Based on the results of three studies, The FDA has fast-tracked the drug. The fast-track process speeds up the development and review of important new treatments so they can get to people sooner. The FDA considers whether the drug will fill an “unmet medical need,” meaning there’s currently no treatment for a specific medical condition, like geographic atrophy.
Another complement inhibitor, called avacincaptad pegol (Zimura), slows GA from getting worse by targeting the C5 protein. One study found that people who took the drug, given as an eye injection, slowed GA by around 27% over 12 months.
In late 2022, the FDA named the treatment a breakthrough therapy. Like fast track, this process also speeds the development and review of certain drugs. A breakthrough therapy aims to treat a serious condition, and early evidence may show that the drug has an advantage over an available treatment.
Besides shots, researchers are also studying complement inhibitors in tablet form. These clinical trials are not as far along as the ones for treatments you take as a shot.
Gene Therapy Surgery
One possible downside of eye injections is that you may need them once a month or every 2 months for life.
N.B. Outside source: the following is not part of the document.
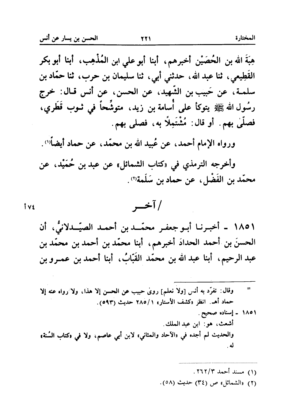 يَتَوَكَّأُ عَلَى أُسَامَةَ بْنِ زَيْدٍ مُتَوَشِّحًا فِي ثَوْبٍ قِطْرِيٍّ فَصَلَّى بِهِمْ أَوْ قَالَ مُشْتَمِلا بِهِ فَصَلَّى بِهِمْ وَرَوَاهُ الإِمَامُ أَحْمَدُ عَنْ عُبَيْدِ اللَّهِ بْنِ مُحَمَّدٍ عَنْ حَمَّادٍ أَيْضًا وَأَخْرَجَهُ التِّرْمِذِيُّ فِي كِتَابِ الشَّمَائِلِ عَنْ عَبْدِ بْنِ حُمَيْدٍ عَنْ مُحَمَّدِ بْنِ الْفَضْلِ عَنْ حَمَّاد بن سَلمَة

But researchers are looking at another option for GA that you would need just one time.
It’s a gene therapy designed to help the eye make a protein called complement factor I (CFI). CFI keeps complement in check, and boosting it with a one-time shot delivered beneath the retina can balance out an overactive complement system.
Cooper says gene therapy is the next wave of treatments for GA. “As time progresses, we get more sophisticated with our ability to formulate these medications, and I think we’ll see more of this type of delivery.”
Early study data found most people who had the treatment showed higher CFI levels. Some saw these results more than a year post-treatment. Researchers continue to study gene therapy for GA in ongoing clinical trials.
Modified Vitamin A
Vitamin A is essential for vision but can turn toxic and form what scientists call “dimers.” Researchers have long thought that dimers play a role in whether you’ll get dry AMD. Now, they’re studying a chemically modified form of vitamin A that could ward off and treat dry AMD.
The drug, a capsule called ALK-001, replaces your body’s natural vitamin A with a version that slows the dimer-making process. Scientists are currently investigating how well the drug works to slow GA.